This is our first race report from Johnny Clemons, the newest member of the team and a certified beast on the trail. Great job, Johnny!
UPDATE: see below for Owen Bradley’s input!
The night before the first annual GA Jewel 50k I had a dream I had super speed and endurance. In my dream I was running fast, but could not figure out where to go. I kept passing the turns, and backtracking my steps. No matter how fast I went, everyone kept catching back up to me, and my record-breaking speed was wasted. Well, that’s a lot like what started to happened in this race.
It was a beautiful morning for a 50k. The weather had cooled to the low 40’s with no wind and it looked to be a sunny day. I was excited to be running a course that was easy with little climbs. After all, that’s what the course description read! LOL…
At the starting line, it was good to see familiar faces. It doesn’t take long to make friends at a trail ultra. We are there to spend the day together! My wife Rachel was already making friends as we toed the line in front of an old white farm house. I was happy to see Owen Bradley (Rock/Creek teammate) in the race; I knew I would have someone to run with.
As we started the race, Owen and I went out fast down a gravel driveway to the back of the old white house. We ran fast for about 400 yards then turned left into a cow field. We stopped running and looked around and to see where to go next. That is pretty much how the first 15.5 miles went. Remembering my dream, there was no way I was going to take off anymore. Owen and I worked the course together. We opened the gates and cut the paths. There was a lot of weeds and thorns everywhere. We made jokes about how the course description led us to believe it was an easy course. I said this race should be renamed to the Barkley 50K after the Barkley 100.
We ran together for the first 18 miles. A large portion of the course was not a trail… just thorns, grass, woods, and creeks. We got cut up a lot by the thorns… and barbed wire fences! Many creek crossings. It even had a hill that was a lot like blue hell from Mt. Cheaha 50K, which we had to run twice. It felt like it was straight uphill. Then there was another climb just over a mile long, which we climbed twice.
We ran with goats, dogs, and a lot of cows. The goats followed us for about a mile up the long climb, which was pretty cool. It felt like we were in a different country. The race was an honest 31.3 miles by my GPS; Owen said it was one of the toughest course he’d ever run.
I stayed way back from what I had planned for the first half and first loop at 2:14. After running 2 to 3 more miles with Owen, he told me to go ahead. I made sure he was OK then the race was on with the clock.

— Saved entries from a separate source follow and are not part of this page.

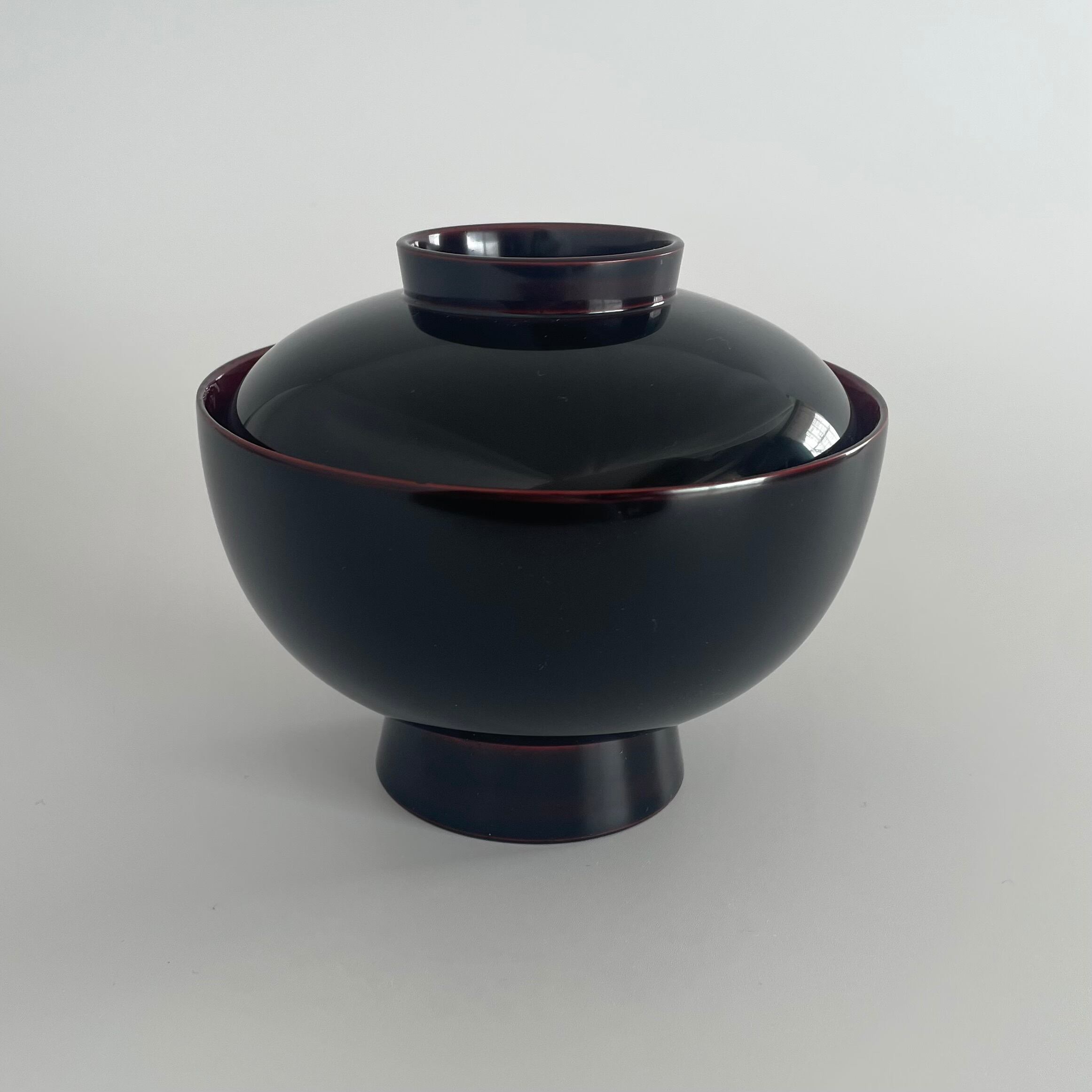越前塗の蓋つき雑煮椀です。溜塗に内側を朱で仕上げてあります。
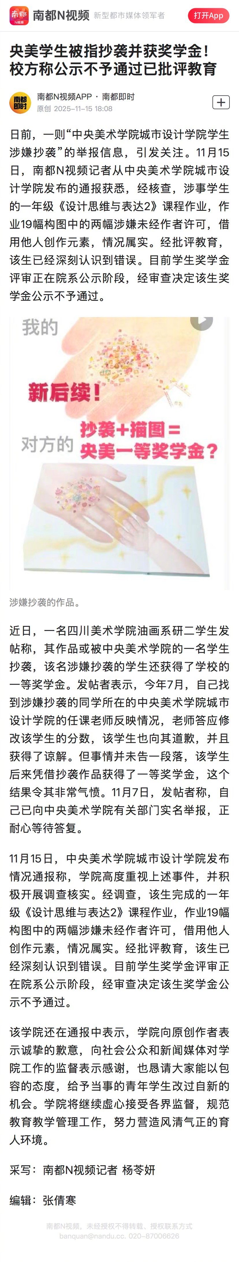 【央美学生被指抄袭并获奖学金!校方称公示不予通过已批评教育】近日,一名四川美术学院油画系研二学生发帖称,其作品或被中央美术学院的一名学生抄袭,该名涉嫌抄袭的学生还获得了学校的一等奖学金。11月15日,南都N视频记者从中央美术学院城市设计学院发布的通报获悉,经核查,涉事学生的一年级《设计思维与表达2》课程作业,作业19幅构图中的两幅涉嫌未经作者许可,借用他人创作元素,情况属实。经批评教育,该生已经深刻认识到错误。目前学生奖学金评审正在院系公示阶段,经审查决定该生奖学金公示不予通过。南都N视频记者 杨苓妍
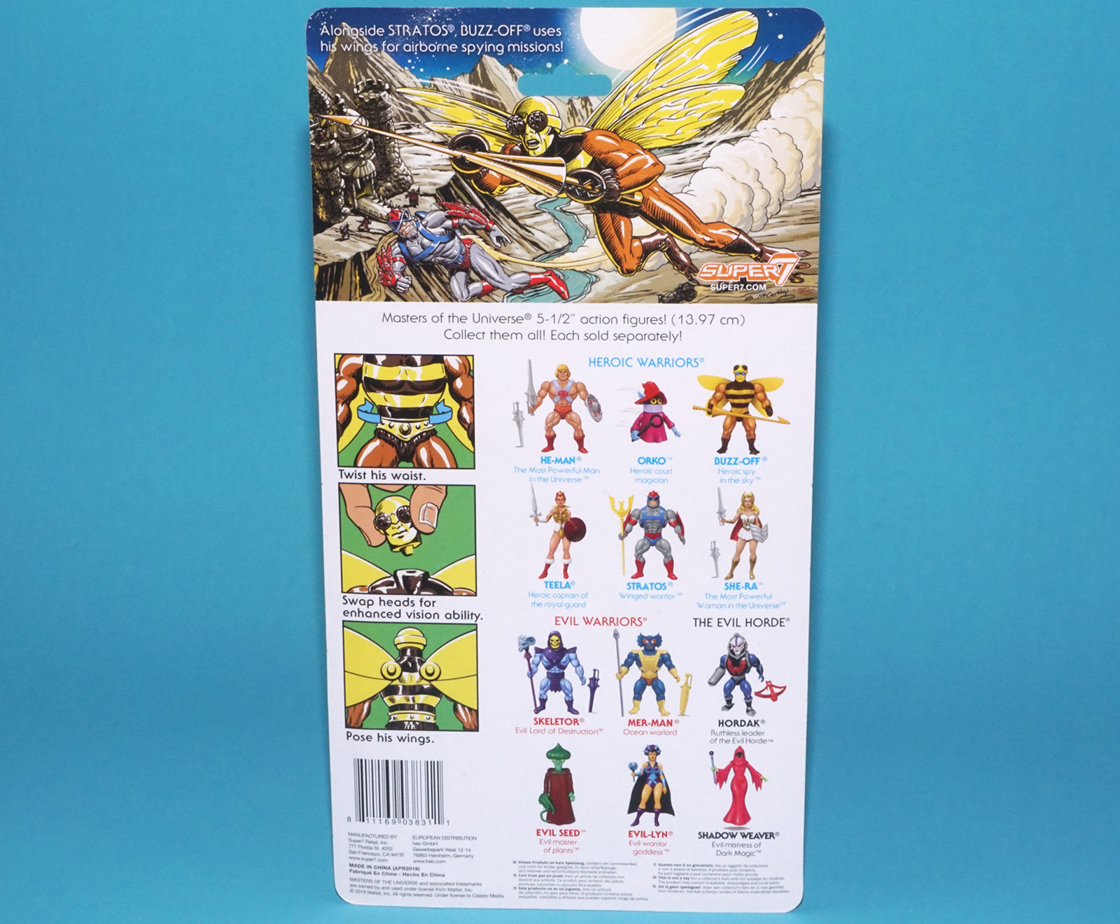 MOTU HE-MAN MASTERS OF THE UNIVERSE FILMATION BUZZ-OFF MOC MOSC 2019 SUPER7 MATTEL

Knowing the path that we’d made, and with the gates now opened, I ran a negative split of 1:51. My last ten miles (with a mile long hill) was 1:07; an average of 6:42 a mile, with one mile in 5:18! I ran fast when I could… that was fun!

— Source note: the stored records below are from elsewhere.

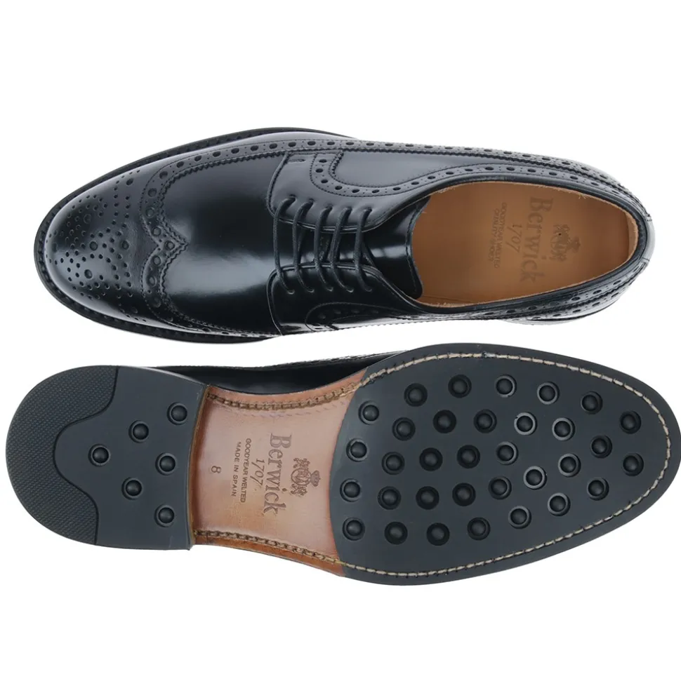 Schuh Typ Blúcher oder Derby mit vega langer oder langer Wingtip-Klinge, Feston und Kletterschuh aus poliertem Leder (Hi-Shine) mit spanischer Gerbung und Mischboden mit eingespritzter Gummisohle mit Lederzwischensohle, geeignet für alle Arten von Bedingungen.
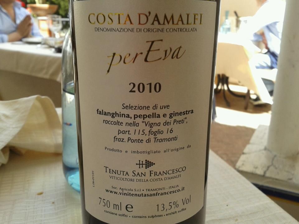 La beva è verticale, sapida, senza mediazioni di sorta al palato: siamo lontani anni luce dia vini bianchi beverini della Costiera prodotti sino a una decina di anni fa. Invece il Per Eva è destinato a lunga vita grazie a questo impianto ben costruito da Carmine Valentino.
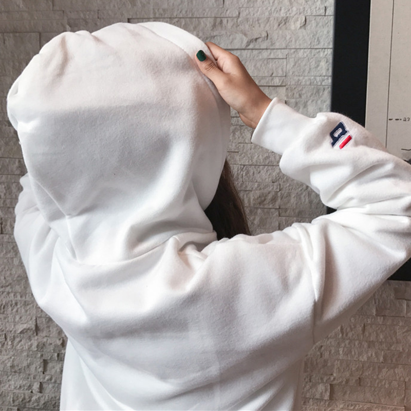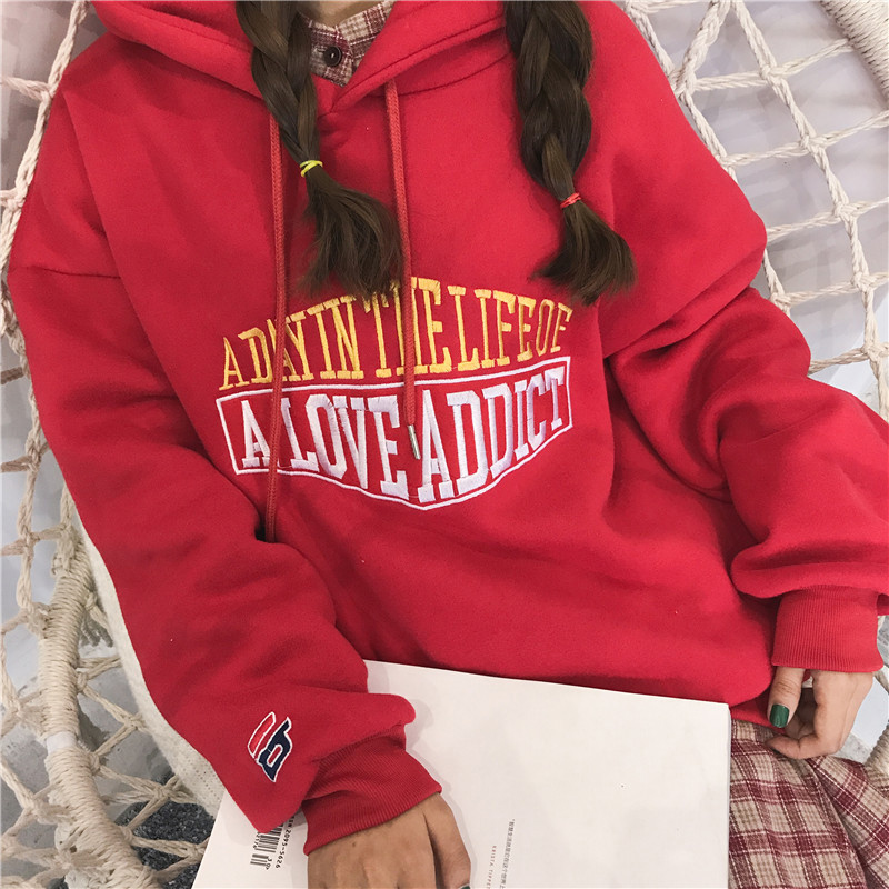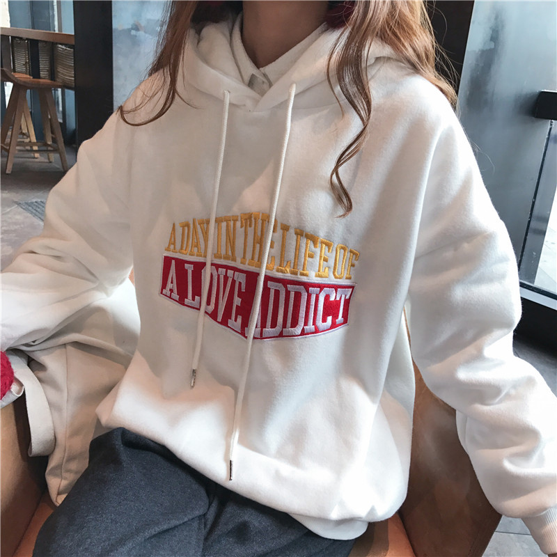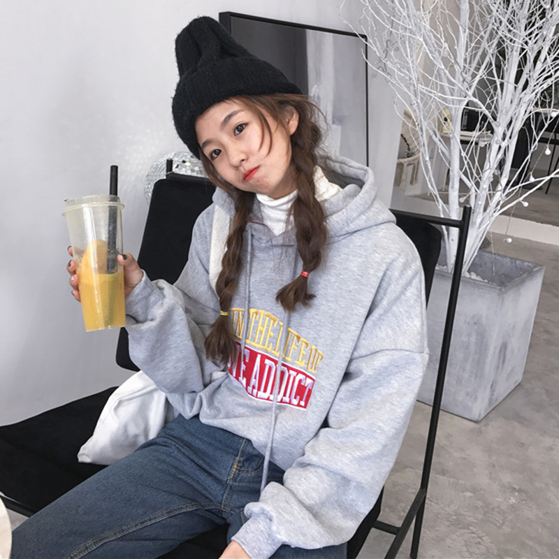 / 時尚字母刺繡連帽衛衣秋冬女裝新款學生加絨外套慵懶寬松長袖上衣

I stayed on top of nutrition and, honestly, I felt great the whole time. I won in 4:06. Not bad, but I feel like I’m ready for sub-4-hour trail 50k’s.

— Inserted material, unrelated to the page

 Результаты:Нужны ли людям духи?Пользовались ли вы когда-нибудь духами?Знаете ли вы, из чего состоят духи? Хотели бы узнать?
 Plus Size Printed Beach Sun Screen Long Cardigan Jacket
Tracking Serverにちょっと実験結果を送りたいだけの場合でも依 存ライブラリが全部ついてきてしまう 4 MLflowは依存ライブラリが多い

After the race I learned that we climbed over 5000 ft… and that I had poison ivy. I really had a fun time. It sure was an adventure! My wife and I made some friends, and that’s what it’s all about.
From Owen Bradley:
“Based on the over-simplified course description provided online, I was expecting a relatively flat and fast 15.5 mile loop course for the 50k. I could not have been more shocked with the chaos that ensued in the next 5 hours of my life. Here is my best effort at describing the course:”
“Racing in a field of high grass toward small pink flags, squeezing through a barely opened gate, running amongst cows, moving over the loose ground of a freshly cut bulldozer trail, climbing up three big hills in the first five miles spray painted at the top in Gary Cantrell fashion, frequent stops to try and determine which way to proceed in the leaf-covered forest, undoing a motorcycle strap to open a barbed wire gate, more bushwhacking through woods with no trail whatsoever following pink ribbons hanging from tree branches, being chased for over 1/2 a mile by a mangy looking dog and a herd of goats wearing bells, a tough mile climb on a gravel road followed by another climb to the water town and a massive decent, then throw in some creek crossings and spider webs since Johnny Clemons (my Rock/Creek teammate) and I were the first runners around the course. And that was just the first loop.”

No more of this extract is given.